*** Opening Exercise data ***

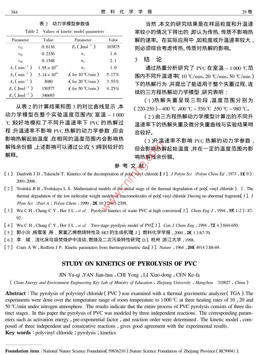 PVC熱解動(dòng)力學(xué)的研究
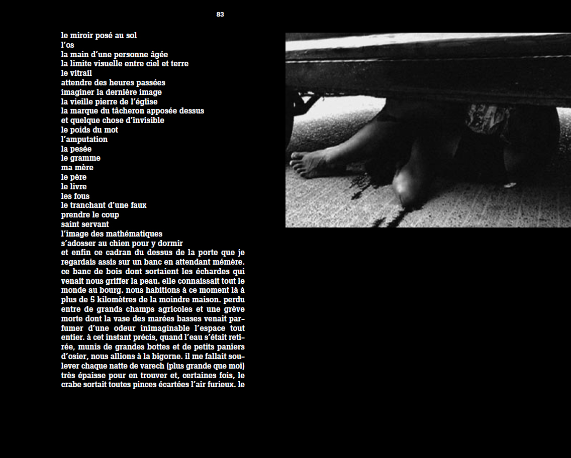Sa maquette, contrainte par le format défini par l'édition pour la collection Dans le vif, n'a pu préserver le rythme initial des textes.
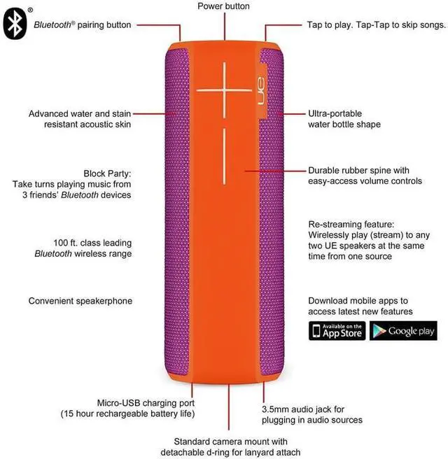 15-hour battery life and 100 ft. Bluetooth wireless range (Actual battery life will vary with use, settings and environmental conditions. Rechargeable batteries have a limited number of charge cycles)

*** Closing Exercise data ***
*** Opening Exercise data ***

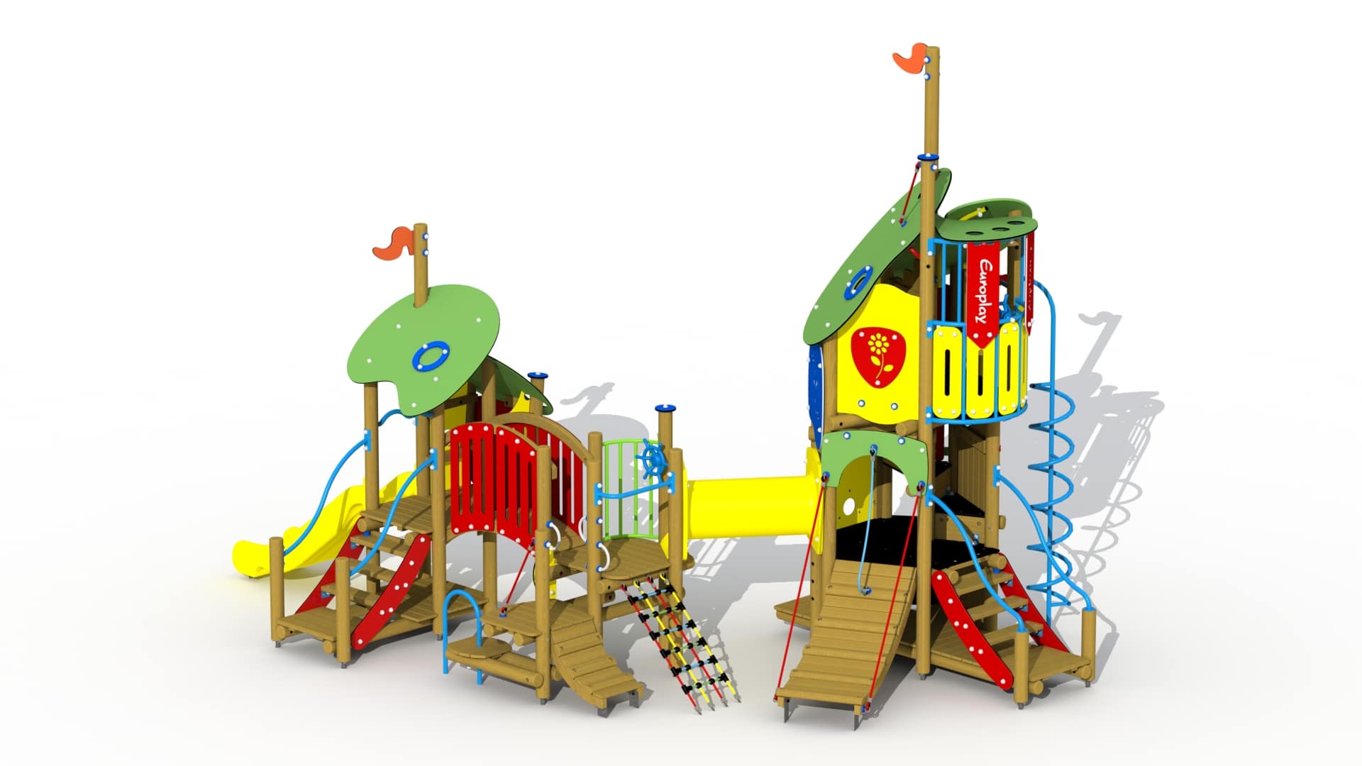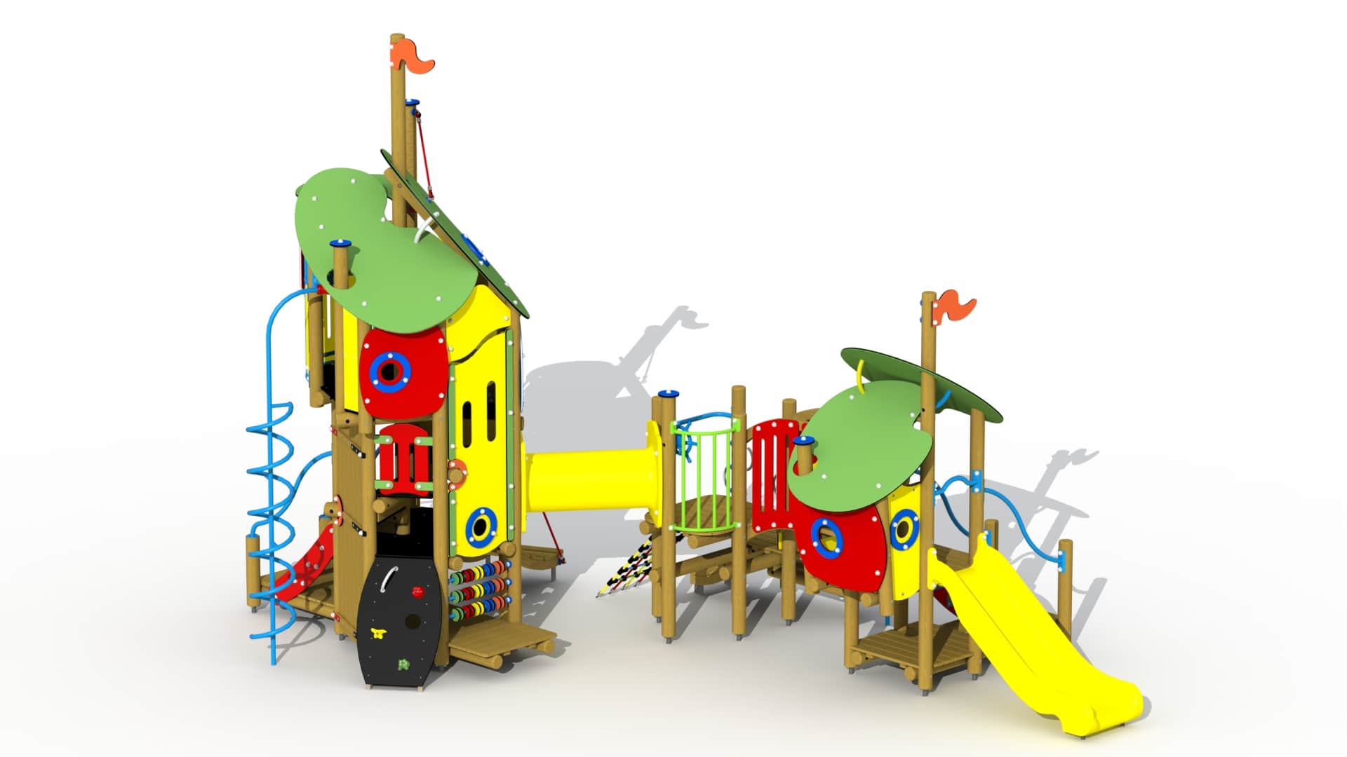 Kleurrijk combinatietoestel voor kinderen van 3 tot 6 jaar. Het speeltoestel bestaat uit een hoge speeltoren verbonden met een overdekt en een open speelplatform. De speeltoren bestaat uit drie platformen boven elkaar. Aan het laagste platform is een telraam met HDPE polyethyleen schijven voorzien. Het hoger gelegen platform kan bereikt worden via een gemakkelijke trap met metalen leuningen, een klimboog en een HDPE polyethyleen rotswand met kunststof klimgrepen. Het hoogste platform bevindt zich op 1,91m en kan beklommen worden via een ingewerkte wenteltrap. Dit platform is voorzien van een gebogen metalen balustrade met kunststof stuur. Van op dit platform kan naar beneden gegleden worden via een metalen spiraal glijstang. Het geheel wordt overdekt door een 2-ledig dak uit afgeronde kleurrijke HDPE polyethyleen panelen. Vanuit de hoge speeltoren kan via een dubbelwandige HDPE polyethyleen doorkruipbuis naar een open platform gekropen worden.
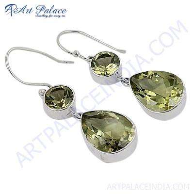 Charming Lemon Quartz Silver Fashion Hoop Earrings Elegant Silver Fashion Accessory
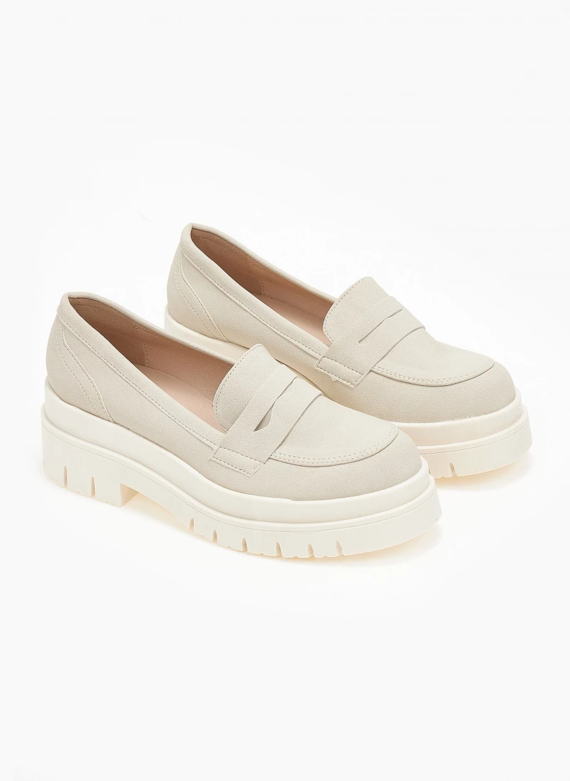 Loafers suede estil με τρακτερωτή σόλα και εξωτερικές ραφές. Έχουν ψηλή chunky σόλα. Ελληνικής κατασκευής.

*** Closing Exercise data ***
*** Opening Exercise data ***

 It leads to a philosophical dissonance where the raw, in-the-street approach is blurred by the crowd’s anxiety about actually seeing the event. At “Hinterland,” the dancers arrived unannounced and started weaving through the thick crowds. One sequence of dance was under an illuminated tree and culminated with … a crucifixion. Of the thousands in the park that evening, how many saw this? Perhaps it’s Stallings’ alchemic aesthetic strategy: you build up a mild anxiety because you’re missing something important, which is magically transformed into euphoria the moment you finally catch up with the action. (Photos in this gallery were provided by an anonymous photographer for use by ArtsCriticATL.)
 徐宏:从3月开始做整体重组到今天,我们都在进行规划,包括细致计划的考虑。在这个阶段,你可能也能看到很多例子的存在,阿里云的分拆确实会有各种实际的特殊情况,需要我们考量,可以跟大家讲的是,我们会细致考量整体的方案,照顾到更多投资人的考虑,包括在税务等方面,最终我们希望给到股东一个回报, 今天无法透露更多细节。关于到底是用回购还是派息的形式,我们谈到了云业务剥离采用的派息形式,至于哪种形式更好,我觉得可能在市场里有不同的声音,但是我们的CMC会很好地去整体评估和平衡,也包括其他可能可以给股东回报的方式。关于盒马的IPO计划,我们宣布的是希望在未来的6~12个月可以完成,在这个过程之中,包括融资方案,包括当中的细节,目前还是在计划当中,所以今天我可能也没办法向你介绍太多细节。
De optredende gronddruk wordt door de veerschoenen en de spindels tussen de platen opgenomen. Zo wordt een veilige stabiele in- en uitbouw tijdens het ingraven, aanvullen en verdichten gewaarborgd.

*** Closing Exercise data ***

* _Exercise description_: Of all the entries above, output exactly the lines between the one holding "徐宏:从3月开始做整体重组到" and the one holding "De optredende gronddruk", inclusive.

* _Result for this exercise_:
 徐宏:从3月开始做整体重组到今天,我们都在进行规划,包括细致计划的考虑。在这个阶段,你可能也能看到很多例子的存在,阿里云的分拆确实会有各种实际的特殊情况,需要我们考量,可以跟大家讲的是,我们会细致考量整体的方案,照顾到更多投资人的考虑,包括在税务等方面,最终我们希望给到股东一个回报, 今天无法透露更多细节。关于到底是用回购还是派息的形式,我们谈到了云业务剥离采用的派息形式,至于哪种形式更好,我觉得可能在市场里有不同的声音,但是我们的CMC会很好地去整体评估和平衡,也包括其他可能可以给股东回报的方式。关于盒马的IPO计划,我们宣布的是希望在未来的6~12个月可以完成,在这个过程之中,包括融资方案,包括当中的细节,目前还是在计划当中,所以今天我可能也没办法向你介绍太多细节。
De optredende gronddruk wordt door de veerschoenen en de spindels tussen de platen opgenomen. Zo wordt een veilige stabiele in- en uitbouw tijdens het ingraven, aanvullen en verdichten gewaarborgd.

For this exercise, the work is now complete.